Available data:
---+---

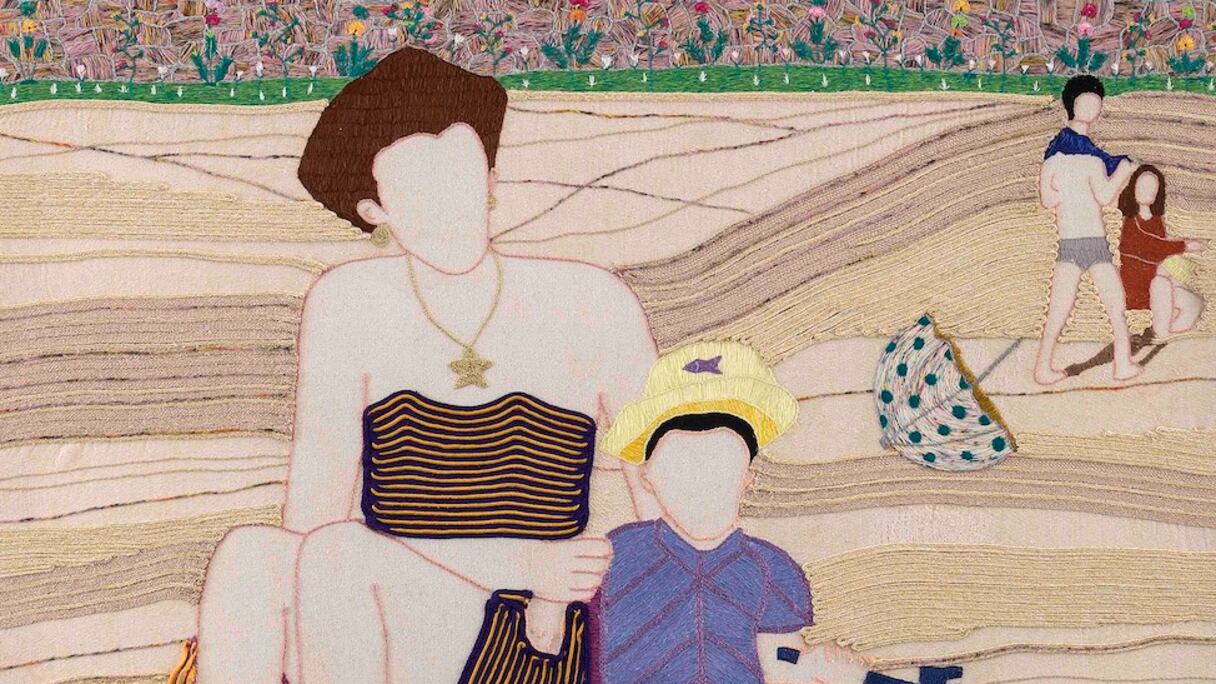 Fusionnant peinture et broderie, Margaux Derhy renoue avec son enfance et se plonge dans les archives familiales pour transposer les personnes fixées dans d’anciennes photographies dans un univers merveilleux, dotant d’une douce féerie ses propres souvenirs et fabriquant peu à peu une autofiction qu’elle nomme «Mémoire Vive».
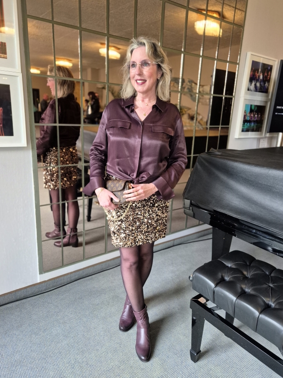 Liebe Ari, eigentlich wollte ich gerade zu deinem schönen Wittenberg-Besuch etwas schreiben, da stoße ich auf diesen neuen Beitrag von Dir mit diesem phantastischen Paillettenrock, der Dich soo wunderbar kleidet. Dazu diese schicke satinierte Bluse. Klasse, wie sowohl der Rock als auch die Bluse in diesem Look gleich stark zur Geltung kommen, zwei Hingucker zugleich. Da hast Du wieder einmal eine super Kombi zusammengestellt. Dass Du Dich vor einem Spiegel hast fotografieren lassen, so dass man Dich ( und Du Dich selbstverständlich auch!) zugleich in zwei Positionen sehen kann kann, gefiel mir schon bei den Bildern aus dem Olsen-Shop in Lübeck. Die Tasche ist natürlich die absolute Spitze. Aber meine Meinung dazu kennst Du ja! Stimmt, mit der kurzen goldenen Kette ist sie top geeignet für festliche Anlässe.
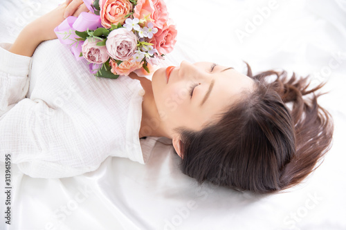 woman, rose, perfume, fragrance, bouquet, silk, smell, profile, roman, sleep, smell, go to bed, gratitude, pink, white, cosmetic, beauty, mother's day, rose, romantic, flower petals, relax, lovely, happy, rose, love, clothes, happiness, pretty, gift, people, japanese, young, smile, light, clothes, model, beauty, actress, drama, clean, love, 30s, mother
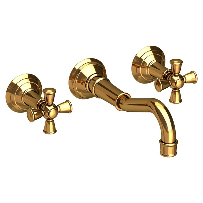Lavatory Trim Jacobean Wall Mount 2 Cross Polished Gold PVD ADA Low Arc 1.2 Gallons per Minute

---+---

Only the lines from the first line of the listing above through the line with "Liebe Ari, eigentlich" should be set down, exactly and without pictures.

Result:
 Fusionnant peinture et broderie, Margaux Derhy renoue avec son enfance et se plonge dans les archives familiales pour transposer les personnes fixées dans d’anciennes photographies dans un univers merveilleux, dotant d’une douce féerie ses propres souvenirs et fabriquant peu à peu une autofiction qu’elle nomme «Mémoire Vive».
 Liebe Ari, eigentlich wollte ich gerade zu deinem schönen Wittenberg-Besuch etwas schreiben, da stoße ich auf diesen neuen Beitrag von Dir mit diesem phantastischen Paillettenrock, der Dich soo wunderbar kleidet. Dazu diese schicke satinierte Bluse. Klasse, wie sowohl der Rock als auch die Bluse in diesem Look gleich stark zur Geltung kommen, zwei Hingucker zugleich. Da hast Du wieder einmal eine super Kombi zusammengestellt. Dass Du Dich vor einem Spiegel hast fotografieren lassen, so dass man Dich ( und Du Dich selbstverständlich auch!) zugleich in zwei Positionen sehen kann kann, gefiel mir schon bei den Bildern aus dem Olsen-Shop in Lübeck. Die Tasche ist natürlich die absolute Spitze. Aber meine Meinung dazu kennst Du ja! Stimmt, mit der kurzen goldenen Kette ist sie top geeignet für festliche Anlässe.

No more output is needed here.